- Original movie poster
- Directed by: Gérard Kikoïne
- Written by: Finley Walker
- Produced by: Serge Lincoln Radley Metzger (uncredited) Audubon Films (New York) Gold Productions (Paris)
- Starring: Dominique Saint Claire Kevin James Lisa Cintrice Joanna Storm Vanessa del Rio Morgane Désirée Cousteau
- Cinematography: Gérard Loubeau
- Edited by: Jason Hyatt
- Music by: Jane Glenn
- Distributed by: Audubon Films; Caballero Control Corporation (CCC)
- Release date: 1983;
- Running time: 85 minutes
- Countries: United States France
- Language: English

= Aphrodesia's Diary =

Aphrodesia's Diary is an American-French pornographic film shot in 1979 — primarily in New York but also in Paris — and released in 1983. It was directed by French pornographer Gérard Kikoïne and co-produced by Radley Metzger, who may have served as an advisor but is not credited.

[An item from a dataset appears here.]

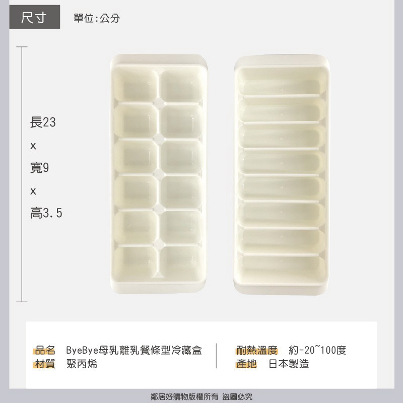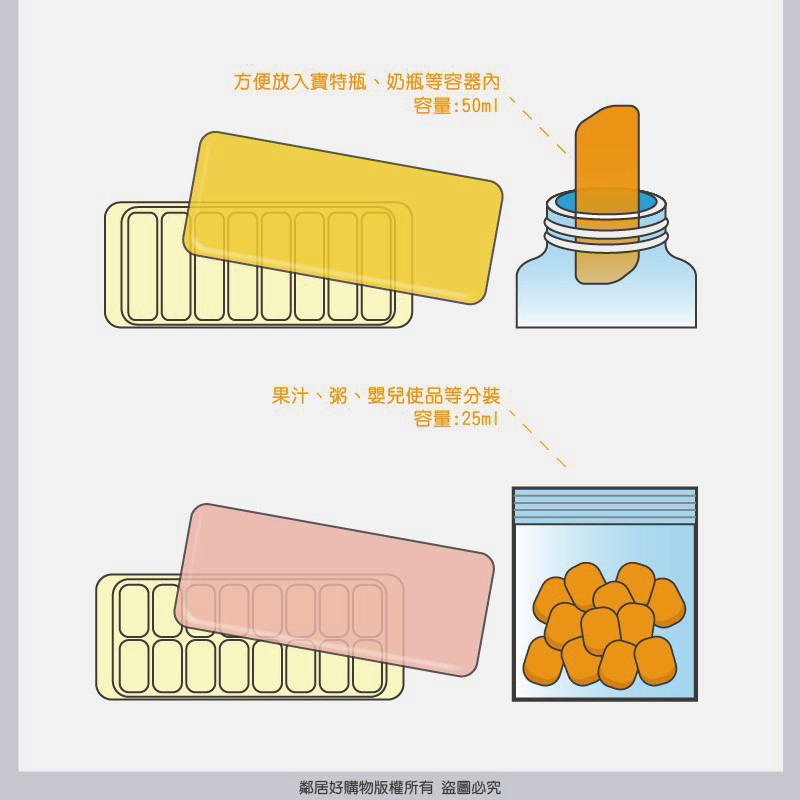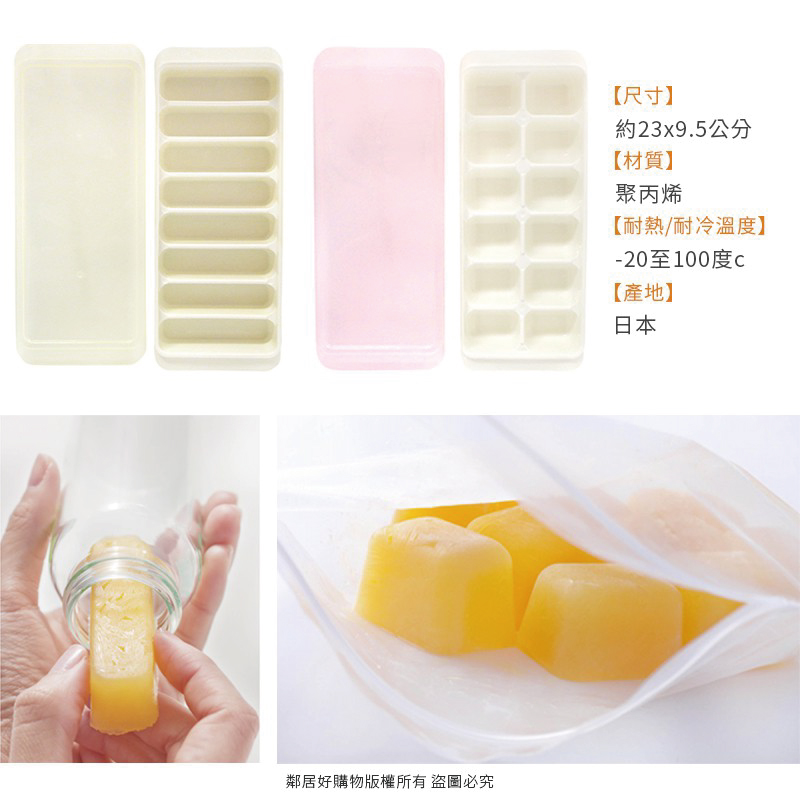 - 小塊狀,方便快速解凍(長條1塊約50ml / 長方形1塊約25ml)

The film is related to Metzger's The Tale of Tiffany Lust, also shot in New York in 1979 with the same imported French stars, Dominique Saint Claire and Morgane. The two films also have French cinematographer Gérard Loubeau and, less remarkably, American actors and technicians in common. It is probable that they were made consecutively in Winter-Spring 1979, with the international cast and crew assembled for Kikoïne's big-budget co-production Aphrodesia reused for Metzger's Tiffany, itself quite lavish by pornographic standards.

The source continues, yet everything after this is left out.